General
Is my car good?
A decision framework for evaluating an individual vehicle.
Decision framework
A strong deal clears all four criteria. A workable deal clears three. Two or fewer indicates the deal requires further investigation or should be passed.
- Margin: sufficient spread remains after fees, transport, reconditioning, and operational costs.
- Confidence: enough comparable listings support the price band to make the read reliable.
- Velocity: the segment is currently active in the target market.
- Risk: no significant red flags in spec, mileage, history, or market volatility.
Red flags
- Asking price missing or inconsistent with described condition
- Few comparable listings (thin segment)
- Outlier specification (rare trim, unusual options)
- Wide market band (low confidence)
- Asking price at or above market midpoint before added costs
Green flags
- Stable comparable listings across multiple sources
- Clear gap in local supply
- Dealer-fit evidence available
- Asking price below the lower edge of the market band
Known limitations
Auto-margin's comparison engine is reliable across most evaluations, but some results may still be imprecise.
- Model-year ambiguity.
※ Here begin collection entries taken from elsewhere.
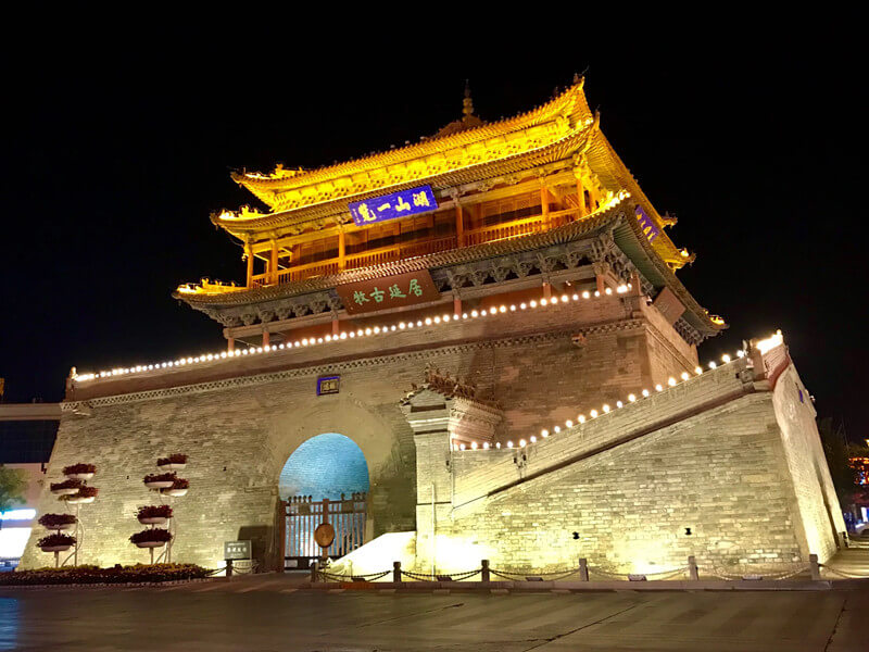 The Bell and Drum Tower in the city center. It was built in imitation of Xian’s Bell Tower and is the biggest drum tower in the Hexi Corridor. Also called Zhenyuan Tower, this three-story building is a traditional Chinese architecture with splendid cornices and fine carving.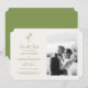 Palm tree wedding Save the Date card designed for a stylish destination wedding celebration. This elegant photo announcement blends tropical coastal aesthetics with modern minimalist typography, perfect for the relaxed yet sophisticated bride planning a beach, island, or vineyard wedding. Style it with linen envelopes, palm motifs, and soft sage green décor for a timeless wedding suite.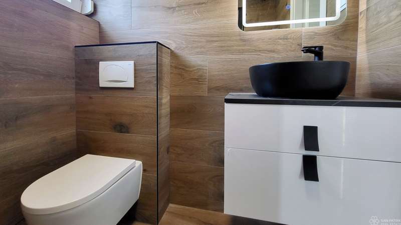 The villa is equipped with modern systems and a high level of comfort: underfloor heating in the bathrooms, Daikin air conditioning system, heat pump, solar water heater (260 L) and a 10.5 kW solar power plant (three-phase). Video surveillance, an alarm system and electric shutters are installed, and the living room also has a fireplace.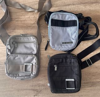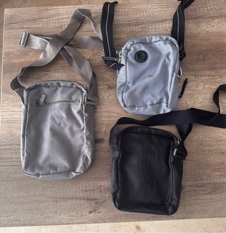 Conjunto de tres bolsos de la marca Dockers. - Dos bolsos en color gris. - Un bolso en color negro. - Cierre de cremallera. Escucho ofertas por el lote completo o de forma individual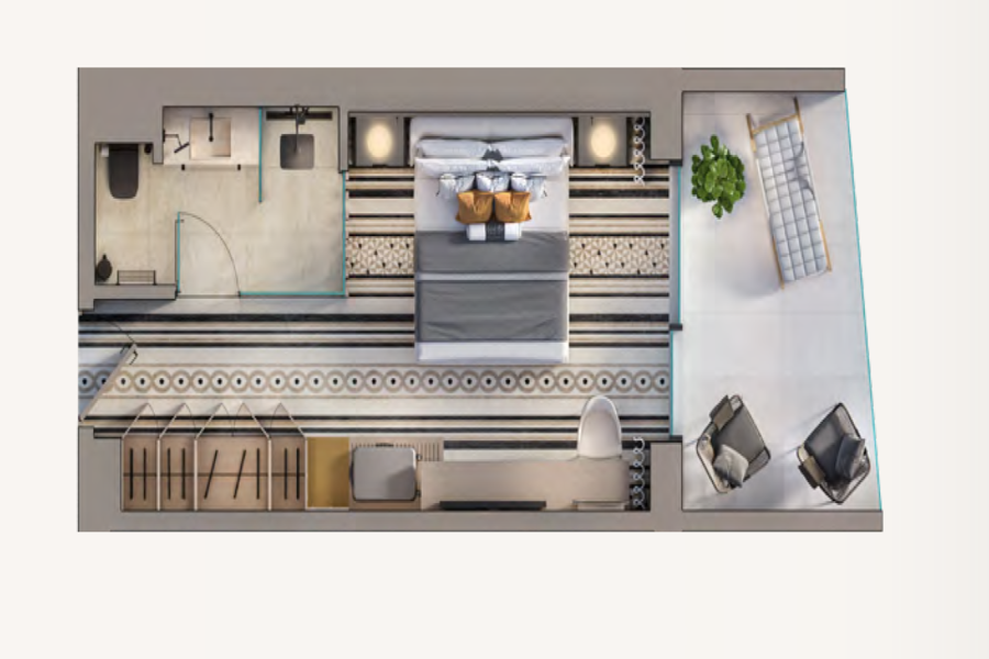 Willkommen in diesem luxuriösen Studio-Hotel-Apartment, das sich in einem Hotelprojekt am Wasser befindet und 12 Jahre lang garantierte Mieteinnahmen bietet. Wenn Sie eintreten, werden Sie von einem wunderschön gestalteten Wohnraum mit modernen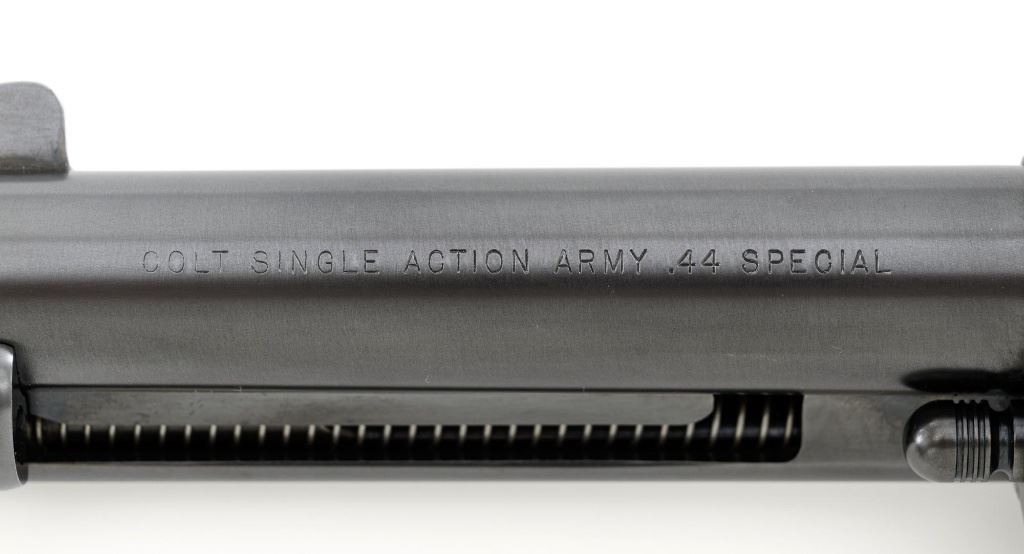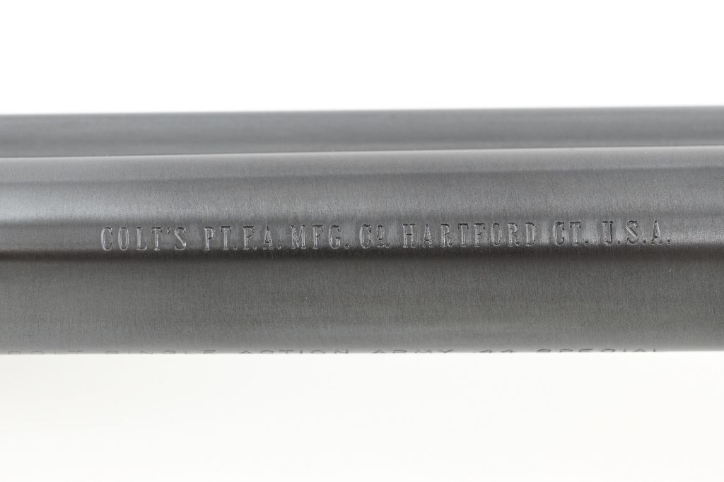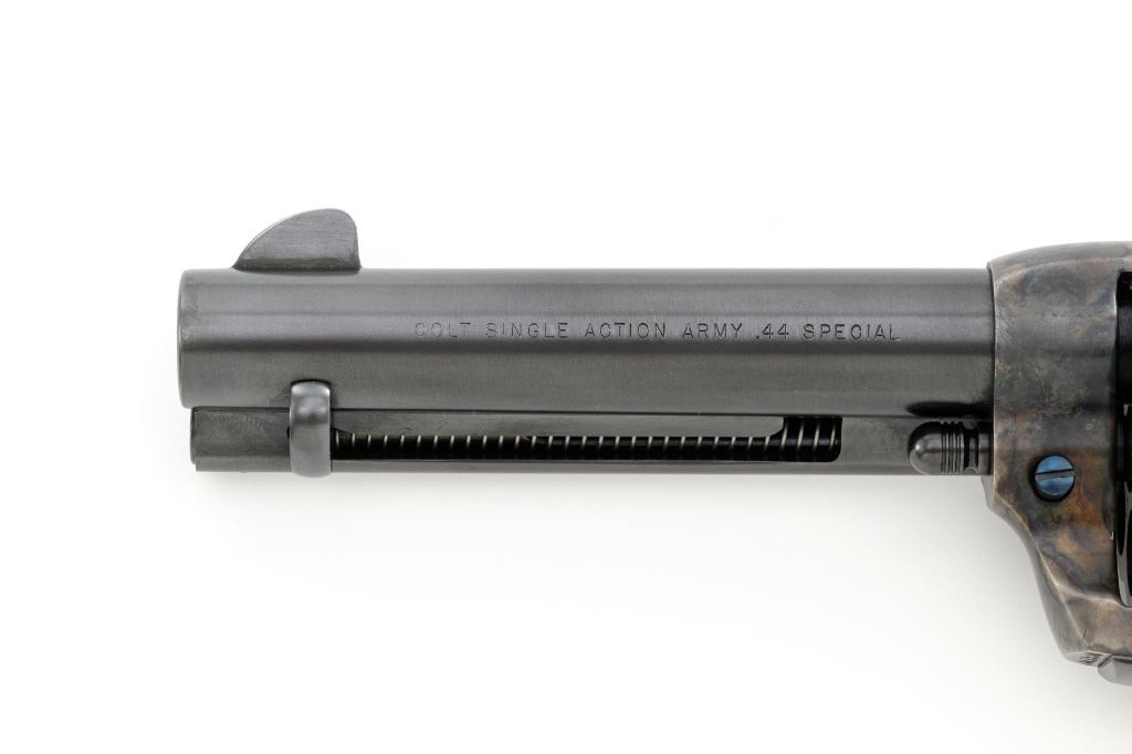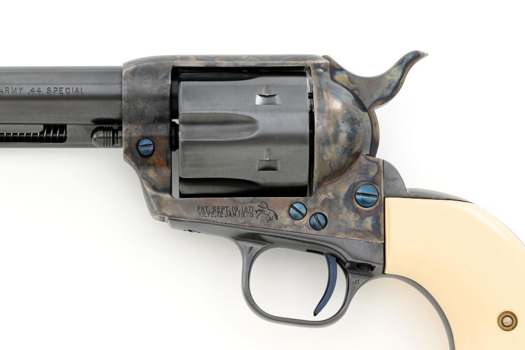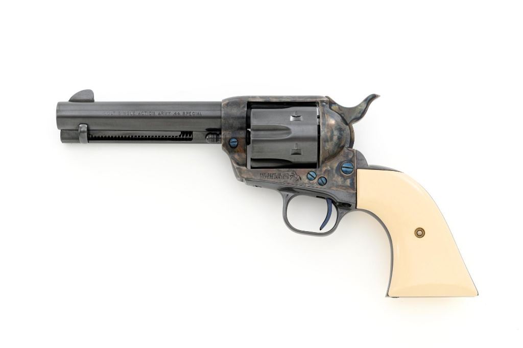 Custom Colt Single Action Army 3rd Generation Revolver, #SA62530, .44 Special cal., 4.75" replacement barrel, blue and color case hardened finish, smooth ivory micarta two-piece Hogue grips, blade front and fixed square-notch rear sights. This revolver features a single line Hartford barrel address and is unmarked inside the loading gate. Mfgd 1982. Revolver is in excellent overall condition as refinished, retaining approx. 98%-99% finish with bright fire blued screws, and showing only light handling marks. Frame and hammer display vivid color case hardening. Replacement grips are excellent and fit well. Action is crisp with good timing. Bright bore rates near excellent with well-defined rifling. The consignor indicates that the revolver was sent to Peacemaker Specialists in April, 1993 for installation of the replacement barrel and custom refinishing in the original 1880s Colt style. Est.: $2,000-$3,000. (Modern)

Facelifts or new generations with the same name and power output can pull in listings from the wrong generation.
- Source listing errors. Human-entered mistakes in source platforms can pass through if they are not detectable during ingestion.
If a result appears incorrect, use the Copy infobutton and include the copied vehicle information, the processing date, and a short description of what appears wrong.
Scope of the recommendation
Auto-margin evaluates whether a vehicle represents a good deal at the point of purchase: market price band, margin, comparable listings, and risk indicators in the target market.
It does not currently predict how an individual vehicle will perform on a specific dealer's lot. The final purchase decision rests with the user.